Electronics Workbench

Thing-O-Matic / MK5 Extruder: Insulated Heating

Having found the thermal coefficient between the MK5 Extruder’s resistor and Thermal Core without any insulation wrapped around them, the next step is to do the same thing with insulation. In an ideal situation, the coefficient wouldn’t change: the same power flowing through the same area should produce the same effect. In actual practice, it decreases because the Core receives heat from the resistor that doesn’t pass through the interface.

I used the left-side resistor for this test, as the clip lead dislodged the brass tube atop the other one during the previous test.

Thermocouples locations - insulated
Thermocouples locations - insulated

I used cotton fabric (harvested from an old sheet in the Rag Box) rather than the delicate ceramic cloth tape normally used with the MK5 head; I figured that plenty of cloth would be at least as good, as long as I didn’t run the temperature up all the way.

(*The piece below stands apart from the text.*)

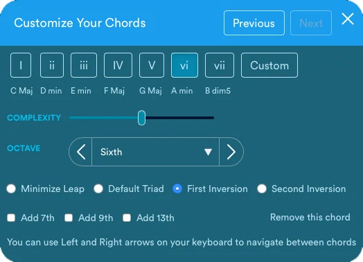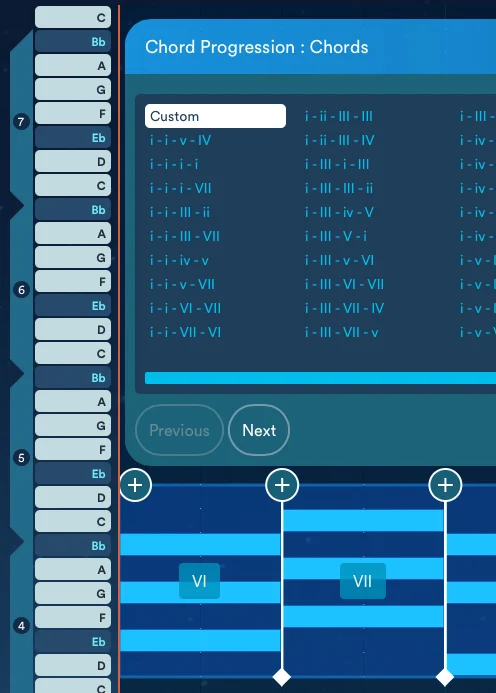 Choose a key and Odesi will make sure that everything sounds great. Want to find the best range for your vocalist? Chords, bass lines, and melodies all transpose together smoothly.

Cloth insulation - first wrap
Cloth insulation - first wrap

A second wrap around the outside pretty much mummified the Thermal Core. Apart from a few small gaps & cracks, the only paths for heat to get out are the Thermal Tube and the four screws. There’s no ABS filament in the extruder head and the cloth covers the nozzle on the bottom.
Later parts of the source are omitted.